Dr David Moffat, Plymouth Marine Laboratory
Professor Alex Nimmo-Smith, SoBMS, University of Plymouth
Dr Dena Bazazian, School of Engineering, Computing, and Mathematics. University of Plymouth
Predicting how ocean life will respond to pressures from increasing human use and climate change is the basis for science-informed decision-making. It requires development of models that enable forecasting of possible outcomes in ‘what if’ scenarios. Such models demand large un-bias biological ‘training’ datasets, which are difficult and expensive to collect and analyse using current human-reliant methods. Greater automation in collection and analysis of observations is needed to deliver sufficiently large datasets to significantly enhance our predictive modelling capability. In this respect Artificial Intelligence (AI) is a potentially powerful tool. This studentship will develop next generation marine biological observing capability by combining vision-enabled smart autonomous platforms with state-of-the-art machine learning.
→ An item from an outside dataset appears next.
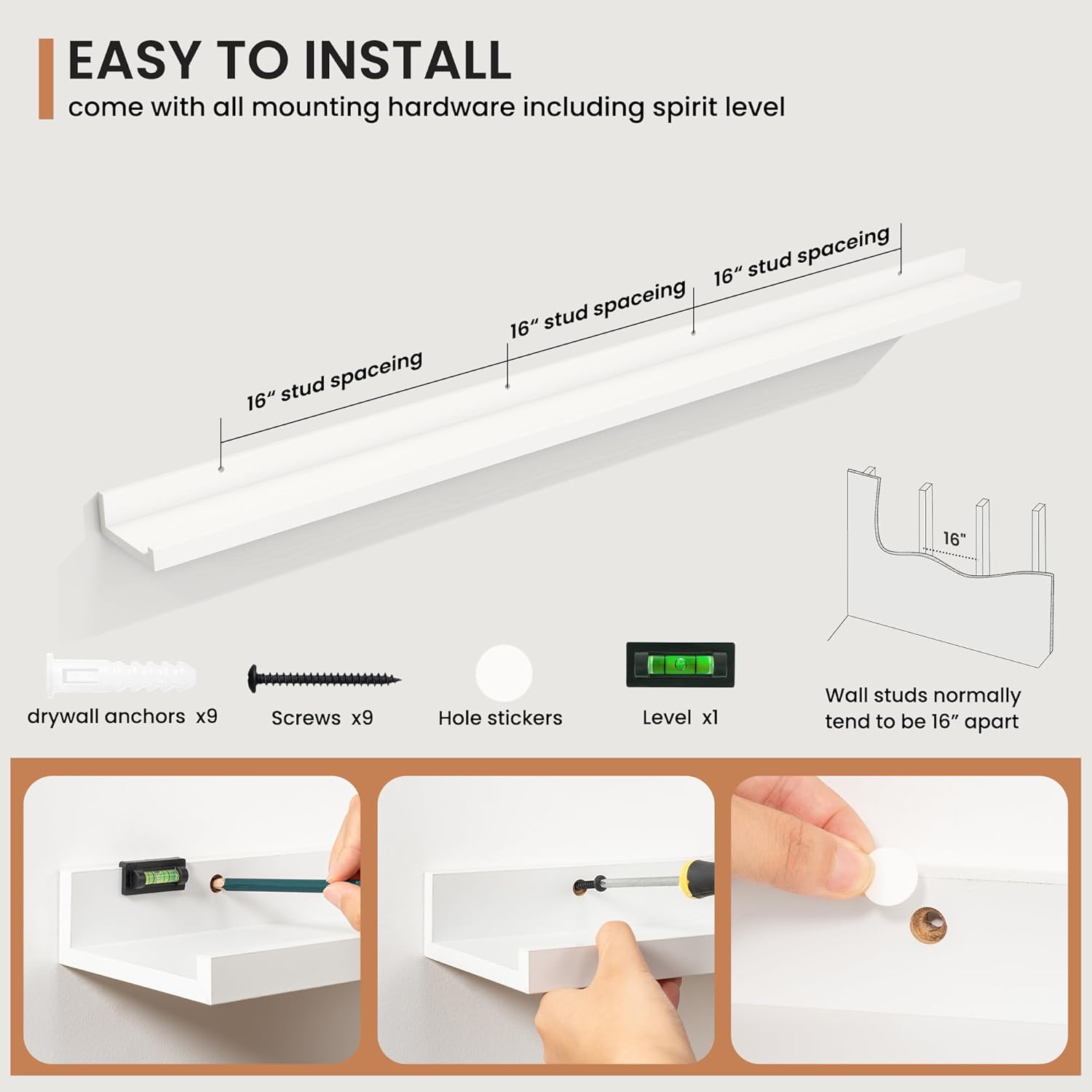 - Effortless Installation: Each shelf comes with pre-drilled holes and all necessary hardware, making installation quick and easy, so you can enjoy your new decor in no time.

The student will collect new image-based observation data from Plymouth Sound National Marine Park using the University (and potentially PML’s) small AUVs. They will explore image enhancement methods to improve the quality and consistency of imagery, before annotating these data, providing both baseline observations for the NMP and a high-quality human-annotated image dataset for use in training AI algorithms to identify and quantify coastal benthic animals. The student will train deep-learning algorithms to identify coastal benthic marine taxa from AUV imagery, and trial real-time automated biological monitoring in coastal environments.
The student will have a unique opportunity to expand their outlook into a highly multi-disciplinary domain. They will interact with ecologists, computer scientists, and engineers, developing a wide network beyond the supervisory team. Depending on their background the student may receive training in ecology and taxonomy, artificial intelligence and deep-learning, marine optics, R and Python programming. The student will spend periods of time at PML and thus will benefit from interaction with 2 institutions.
A degree in either an ecological field, computer science field, or other highly numerate field e.g. mathematics, engineering etc is required. We recognise that candidates are unlikely to have both ecological and computer science skills. Thus, we are looking for someone with a strong programming background and a demonstrable capacity to learn new skills and adapt their knowledge to new situations.